温言嗓子还有些干涩,“谢辞,你怎么在这?”

    谢辞看着温言,他还以为温言看见自己会很惊艳,现在看来倒也不是。

    “昨天谢谢你照顾我了。”温言谢道。

    谢辞扯着嘴角,“哥哥这说的什么话,照顾你是我应该做的。”

    随后一阵无言。

    或许是不知道要怎么说话,已经过去三四年了,温言觉得谢辞变了许多,又什么也没变。

    当年跟自己勇敢告白的少年已经长成大人模样了。

    “哥哥还有哪里不舒服吗?”

    “没有了。”

    “那哥哥再躺会,我去熬粥,阿瑾应该很快就回来了。”

    门被带上,温言视线落在谢辞刚刚坐过的地方,睫毛像蝴蝶般轻轻颤了颤,距离如此近又那么遥远。

    谢辞站在门口还未离去,当他看见发烧躺在床上的温言竟然没有人照顾的时候,他第一个反应是想杀了自己。

    你瞧,哥哥不还在这吗?你有机会的,谢辞。

    他走向厨房,除了熬粥还熬了药,他看着那些药材,最后添加了两味新药,那东西直接沉入碗底,谢辞看着药材散发着一股淡淡的腥味,最后在里面散开,水面浮着一层寞,拿瓢舀起,最后融合在一起,谢辞发出一声不明的轻笑。

    屋内的温言实在是睡不着了,他想玩手机,想看书,可现在这情况还是乖乖躺着比较好,他在床上翻来覆去,外面还下着小雨,温言起来拉开窗帘,天空雾蒙蒙一片,后花园的玫瑰这几日开得格外凄美艳丽,也不知道是不是他的错觉。

    这玫瑰,红得像血。

    门被打开,谢辞看着温言起床,把药和粥放下,拿起一件外套披在温言身上。他眼神掠过温言那白皙修长的脖颈,只短短停留了几秒就移开,他想看血色喷薄,想留下奇怪的痕迹。

    温言:“谢辞你们放假了?”

    谢辞听到温言对他的称呼眸色一暗,“是的哥哥。”

    温言又问他:“阿瑾什么时候回来。”

    “快了。”

    温言还想说什么,被谢辞一把抱住腰,“哥哥就那么讨厌我吗,不愿再叫我阿辞,也不愿多跟我说说其他的事吗?”

    温瑾,温瑾他算什么,为什么要和我讨论他。

    “谢辞……”

    温言感觉的腰间的力道加重了,他被桎梏住、无法回头。

    “阿辞……”温言沙哑的嗓音唤了他一声,“放开我。”

    谢辞咬紧牙关,还是放开了温言,“哥哥吃点粥再把药喝了。”

    温言接过粥,小口小口吃着,“你会有更好的选择。”

    “可我只想要哥哥。”谢辞收拾着空碗,“我都知道了哥哥。”

    温言接着药碗的手都在颤抖,谢辞伸手握住了温言,“哥哥,你不要听那些人胡说,你会长命百岁的。”

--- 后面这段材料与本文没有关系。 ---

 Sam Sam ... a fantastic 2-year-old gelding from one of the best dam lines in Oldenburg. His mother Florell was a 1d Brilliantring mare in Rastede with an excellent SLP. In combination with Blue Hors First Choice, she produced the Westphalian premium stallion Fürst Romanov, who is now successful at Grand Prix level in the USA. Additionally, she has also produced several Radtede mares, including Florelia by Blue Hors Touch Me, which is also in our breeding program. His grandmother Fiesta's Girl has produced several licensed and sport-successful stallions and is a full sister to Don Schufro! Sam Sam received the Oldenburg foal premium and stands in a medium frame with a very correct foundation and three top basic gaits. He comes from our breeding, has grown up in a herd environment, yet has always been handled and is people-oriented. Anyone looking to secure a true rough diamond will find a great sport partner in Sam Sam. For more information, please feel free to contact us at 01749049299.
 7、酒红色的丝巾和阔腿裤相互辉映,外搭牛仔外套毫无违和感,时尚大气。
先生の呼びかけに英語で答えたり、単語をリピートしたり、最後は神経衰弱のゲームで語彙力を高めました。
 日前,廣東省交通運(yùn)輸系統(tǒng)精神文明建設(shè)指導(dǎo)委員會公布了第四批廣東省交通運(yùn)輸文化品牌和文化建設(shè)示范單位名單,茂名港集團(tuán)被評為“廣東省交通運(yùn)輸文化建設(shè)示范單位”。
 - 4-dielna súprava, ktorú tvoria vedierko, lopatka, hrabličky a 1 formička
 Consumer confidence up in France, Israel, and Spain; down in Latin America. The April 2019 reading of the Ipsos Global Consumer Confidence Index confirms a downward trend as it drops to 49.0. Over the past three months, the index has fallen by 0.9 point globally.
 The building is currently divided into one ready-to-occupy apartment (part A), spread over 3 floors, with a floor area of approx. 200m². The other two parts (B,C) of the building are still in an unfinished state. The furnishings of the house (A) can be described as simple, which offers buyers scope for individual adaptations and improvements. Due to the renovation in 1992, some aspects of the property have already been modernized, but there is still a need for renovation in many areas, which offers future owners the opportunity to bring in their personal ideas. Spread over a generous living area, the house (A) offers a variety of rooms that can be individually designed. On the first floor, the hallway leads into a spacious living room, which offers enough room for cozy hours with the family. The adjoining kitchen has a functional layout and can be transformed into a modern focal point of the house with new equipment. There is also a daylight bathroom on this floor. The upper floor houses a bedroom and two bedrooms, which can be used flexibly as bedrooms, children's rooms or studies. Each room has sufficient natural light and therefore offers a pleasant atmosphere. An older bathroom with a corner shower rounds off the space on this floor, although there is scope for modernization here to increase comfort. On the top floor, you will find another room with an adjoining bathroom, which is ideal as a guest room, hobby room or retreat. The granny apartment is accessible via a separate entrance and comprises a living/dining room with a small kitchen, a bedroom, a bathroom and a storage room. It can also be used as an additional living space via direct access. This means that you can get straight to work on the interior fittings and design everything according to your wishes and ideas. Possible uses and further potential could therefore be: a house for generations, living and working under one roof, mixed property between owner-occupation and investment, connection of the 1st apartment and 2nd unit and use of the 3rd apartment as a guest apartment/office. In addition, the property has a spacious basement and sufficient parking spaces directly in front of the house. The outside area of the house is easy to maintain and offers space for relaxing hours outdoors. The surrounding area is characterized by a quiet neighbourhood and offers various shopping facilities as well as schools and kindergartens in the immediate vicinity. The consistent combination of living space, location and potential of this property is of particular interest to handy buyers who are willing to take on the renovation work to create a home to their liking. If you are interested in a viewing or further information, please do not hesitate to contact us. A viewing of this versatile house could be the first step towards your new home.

    看着温言喝下那碗药,谢辞眼底浮现一丝笑意,他像是奖励温言一样,在他脸额头亲了一下,“哥哥别怕,还有我。”

    温言喝完了药乖乖在床上躺着,不一会又睡着了,谢辞洗完碗回到了温言卧室里,他看着那人恬静的睡颜,想要肆虐,最后停止了这个想法。

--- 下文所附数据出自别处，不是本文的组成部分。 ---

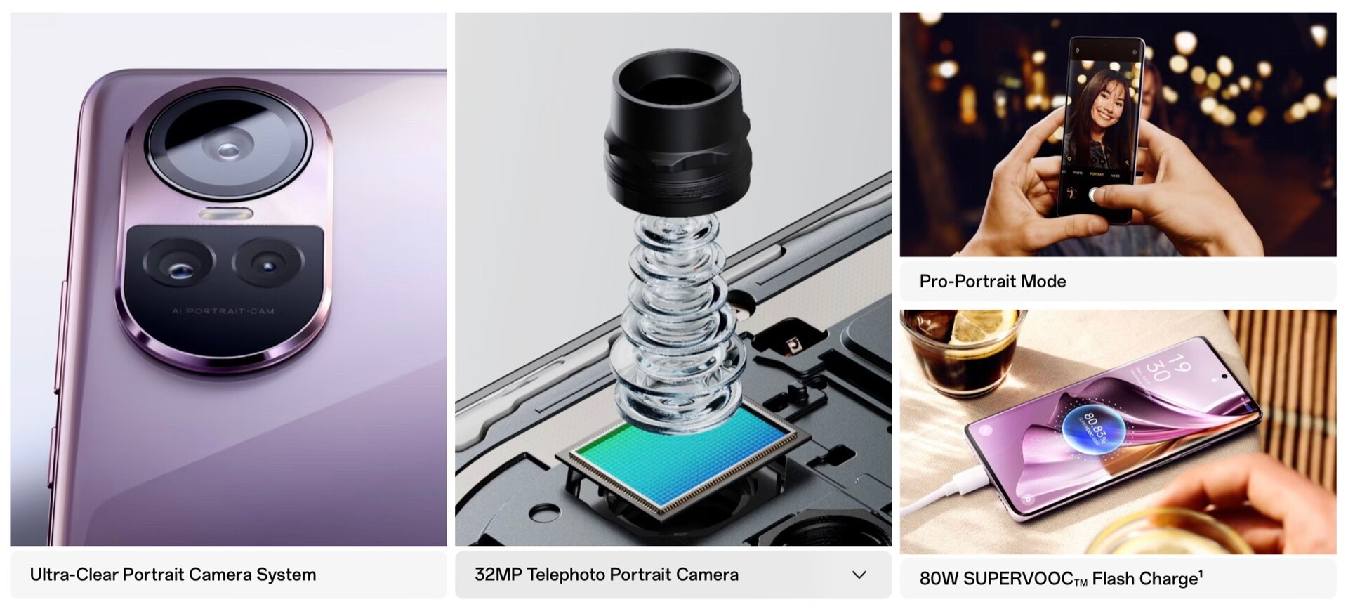 Das Reno10 und das Reno10 Pro setzen auf praktisch dasselbe Design, und teilen sich auch weite Teile der Ausstattung, angeführt von einem 6,7 Zoll großen, 120 Hz schnellen 1.080p+-AMOLED-Display mit einer Spitzenhelligkeit von 950 Nits. Beide Geräte besitzen eine 32 MP f/2.4 Selfie-Kamera, die aber nur beim Pro-Modell Autofokus unterstützt. Das Reno10 besitzt eine 64 MP f/1.7 Hauptkamera, das Reno10 Pro eine 50 MP f/1.8 Hauptkamera mit OIS.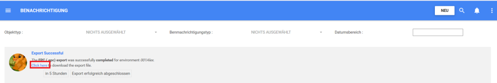 6. Die Meldung “Export erfolgreich “ enthält den Link zum Herunterladen der Exportdatei im gewünschten Format.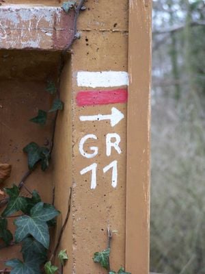 El GR 11 se extiende por los paisajes de la región de Île-de-France, señalizado con franjas blancas y rojas que guían a los excursionistas.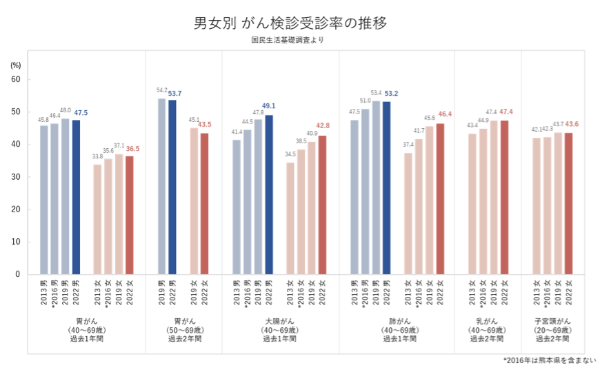 2022年の乳がん検診の受診率は47.4%となっており、年々上昇してはいるものの、未だに半数以上は受診をしていないという現状があります。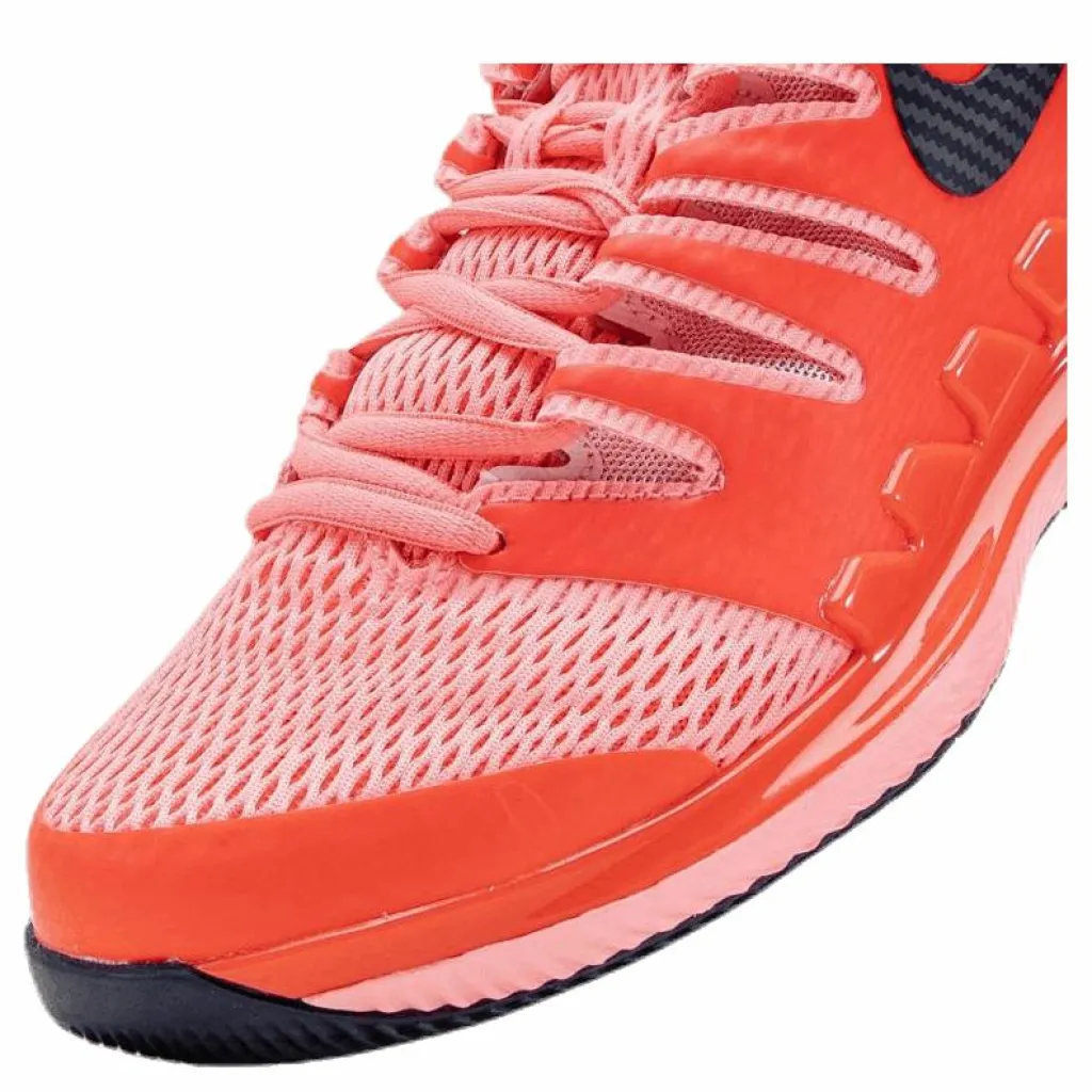 Tennisskon Nike Air Zoom Vapor X Clay för damer har ett uppdaterat Dynamic Fit-system och en fotram i full längd vilket ger dig full kontroll. Skons nya generativa yttersula kombinerad med en Zoom Air-enhet ger en lätt, responsiv känsla på banan.

    他的手机在这时响了,是特别行动处的来电,他走出去接听。

    “最近有些人失踪了,我勘查过案发现场,像是狐妖做的。”

    “狐妖?已经死了。”谢辞弹弹指尖不存在的灰,“你们查到了我要的东西了吗?”

    “这个方法有副作用,你小心点。”那边斟酌着,“有些东西不是你想改就可以的。”

    谢辞脸色一沉挂断了电话,他重新回到房间里,看着在床上睡得正香的温言,他不会后悔的。

    “哥哥不会怪我的,对吧?”谢辞半跪在床边,脑袋枕在床边,“哥哥的生死,只能由我掌控。”

    第18章

    温言醒来的时候发现自己的手动弹不得,他一看,谢辞的脑袋搭在自己手上睡着了,这是他分别了三年后第一次这么仔细观察谢辞。

    他的手指轻轻落在少年眉宇间,一笔一画描绘着少年的容颜。

    “叩叩——”门外传来声响,温言浑身紧绷,他忽然想起那晚的人身狐面的怪物,他目光紧紧盯着门。

    “叩叩——”

    “哥,你醒了吗?”

    是温瑾。

    温言一下子就卸下了防备,谢辞也被温瑾这一喊给叫起来。

    看着谢辞和温瑾在门□□谈着,这一刻他很羡慕这两人,温言看了眼窗外,不知道什么时候出了太阳。

    那晚的怪物究竟是自己的梦还是真的。

    “哥哥在想什么?”

    谢辞扑到温言面前问他,好奇道。

    温言摇摇头,“现在几点了?”

    谢辞瞄了眼手腕上的表,“一点了。”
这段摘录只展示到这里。